Regular readers of macroblog know that one of my pet peeves is the insistence of some to measure labor compensation using narrow measures of hourly wages.  Yesterday, The New York Times continued to insist in an article titled "Real Wages Fail to Match a Rise in Productivity." 

Not to fret, though.  Russell Roberts administers the smackdown:

Let me repeat the key sentence:

The median hourly wage for American workers has declined 2 percent since 2003, after factoring in inflation.

That's a very strange sentence for many reasons:

1. Why would you use a measure of compensation that ignores benefits, an increasingly important form of compensation?

2. Why would you use 2003 as your starting point when the recession ended in November of 2001?

... for every year since the recession of 2001, real hourly compensation has actually increased. It's up since 2003 as well. And this year it's up quite dramatically...

As I have mentioned here before--the standard claims you hear about labor's share declining come from using wages without other forms of compensation. When you include benefits, labor's share is virtually a constant at 70% of national income and has been steady since the end of World War II,

I might just stop there, but on this topic I really can't stop complaining. In reading the Times piece, The Capital Spectator instead focuses on what would appear to be the flip side of the claim that labor share is falling: A rising share of income accruing to capital.  Again from the Times article:

In another recent report on the boom in profits, economists at Goldman Sachs wrote, “The most important contributor to higher profit margins over the past five years has been a decline in labor’s share of national income.”

I'm not sure how that conclusion is reached, but my colleagues Paul Gomme and Peter Rupert make this observation:

.. for labor’s share as computed by the Bureau of Labor Statistics, a fall in labor’s share does not necessarily imply a rise in capital’s share; indirect taxes and subsidies constitute a wedge between these two series. Consequently, a fall in labor’s share could be associated with a rise in capital’s share, but it could also be due to a rise in the share of indirect taxes less subsidies... Further, the terms “capital’s share” and “profit share” are often used interchangeably, ignoring the fact that capital income derives from more sources than just (corporate) profits.

What I think is more important in the Gomme-Rupert analysis is this, from one of my previous discussions on this topic:

... the “historic lows” in labor’s share are observed only in the nonfarm business sector series produced by the Bureau of Labor Statistics. Other measures of labor’s share—for example, for the nonfinancial corporate business sector or the macroeconomy more broadly—are currently near their averages over the last several decades.

Those alternative measures are ones that avoid, for example, the problems associated with allocating rental income and proprietor's income between labor and capital.  (In other words, they avoid imputing things that we don't observe.)

In what I suppose is a related topic, there has been plenty of blogging in the last several days on the injunction against a strike by Northwest Airlines flight attendants, union-busting, and wage inequality -- from Dean Baker, from Brad DeLong, and from Mark Thoma (among others, no doubt). 

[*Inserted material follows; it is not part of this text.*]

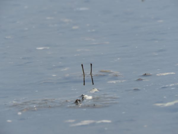 昨日の夕方、干潟にシギ・チドリ類が集まり、採食していました。

Just about a month ago the raging debate was about why it might be that changes in income inequality have been concentrated among the top 1% of income earners -- excellent examples of that debate being found here and here. Once you have identified the real issue as being about the top 1% of the income distribution, I'd think you have pretty much ruled out unionization (or the lack of it) as a dominant driver of the major trends in who gets what.  In any event, on the question of unionization and wage inequality, I'm with Greg Mankiw.

UPDATE: Max Sawicky takes me to task for omitting this from the Gomme-Rupert quotation above:

... we find that the share of indirect taxes less subsidies does not vary much.."

Well, it certainly wasn't my intention to deceive, but Max has a good point. I'll consider my knuckles duly rapped.

In a related vein, Dean Baker notes that depreciation can also cloud the picture on capital sharel.  knzn thanks Dr. Baker for us all, but comes to the "indirect taxes" conclusion: There's not enough action there to eliminate the decline in standard labor share calculations.

Greg Mankiw covers the theory of productivity and wages, and provides several reasons the data might not cooperate with theory (including Dean Baker's observations that different price indexes are in play).  If you would like to see the math behind Professor Mankiw's discussion of labor shares and the Cobb Douglas production function, Economic Investigations has just what you're looking for.

If that's not enough, there's more at The Big Picture and at ElectEcon.